Tout à coup une explosion ravage une partie de l’édifice. Don Wright se rue vers la plus proche cabine téléphonique et s’y change (selon une méthode immortalisée par Clark Kent/Superman). Bien sûr, Captain Freedom qui en émerge mais il a profité des spécificités de l’endroit et a gardé aux pieds ses patins à roulettes. Il rattrape ainsi sans problème les saboteurs. L’ennui c’est que monté sur patins il va bien plus vite qu’il pensait. Captain Freedom s’écrase contre un mur et quand il revient à lui… Les malfrats sont loin. A la sortie, les Young Defenders attendent Don Wright (ils ignorent qu’il est Captain Freedom). Ils aperçoivent alors un célèbre racketteur sortir du bâtiment mais ne s’en étonnent pas. Après tout, même s’il est un racketteur, peut-être qu’il aime les patins ? Quand Don Wright apparaît, il a encore mal à la tête du choc qu’il vient de subir. Il donne congés aux jeunes, en leur conseillant d’aller écrire leur page…
Revenu chez lui sans se douter de ce qui se passe, Don Wright réfléchit aux événements de la journée et retombe sur les caractères d’imprimerie. Beanie ne lui a jamais menti jusqu’ici.

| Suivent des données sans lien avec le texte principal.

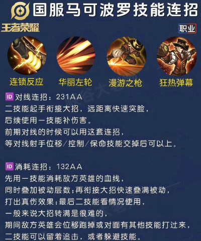 马克的一技能,是远程消耗,可以穿透小兵,所以,对线时用来清兵,或者消耗对手,都很不错,不过,要注意能量条,能量不足时,伤害会降低,二技能是位移,还能增加伤害,这是马克保命,和调整输出的关键,三技能是大招,可以进场打爆发,但也很容易,让自己陷入危险,所以,时机特别重要。

Alors d’où viennent ces caractères ? Petit à petit, le héros reconstitue le puzzle… et se rue au repaire de Brown, où il découvre que ses jeunes amis sont retenus prisonniers. Bien sûr, les poings de Captain Freedom y mettront vite de l’ordre. Vainqueur, le héros explique aux enfants que la société de Monsieur Brown était en fait une façade pour une imprimerie clandestine à la solde des Japonais, leur servant à diffuser de la propagande à l’intérieur des USA. Voilà pourquoi Brown ne voulait pas attirer l’attention… Satisfaits, les Young Defenders se demandent alors quelle autre conspiration ils démasqueront la prochaine fois… Et Captain Freedom en a déjà mal à la tête d’avance…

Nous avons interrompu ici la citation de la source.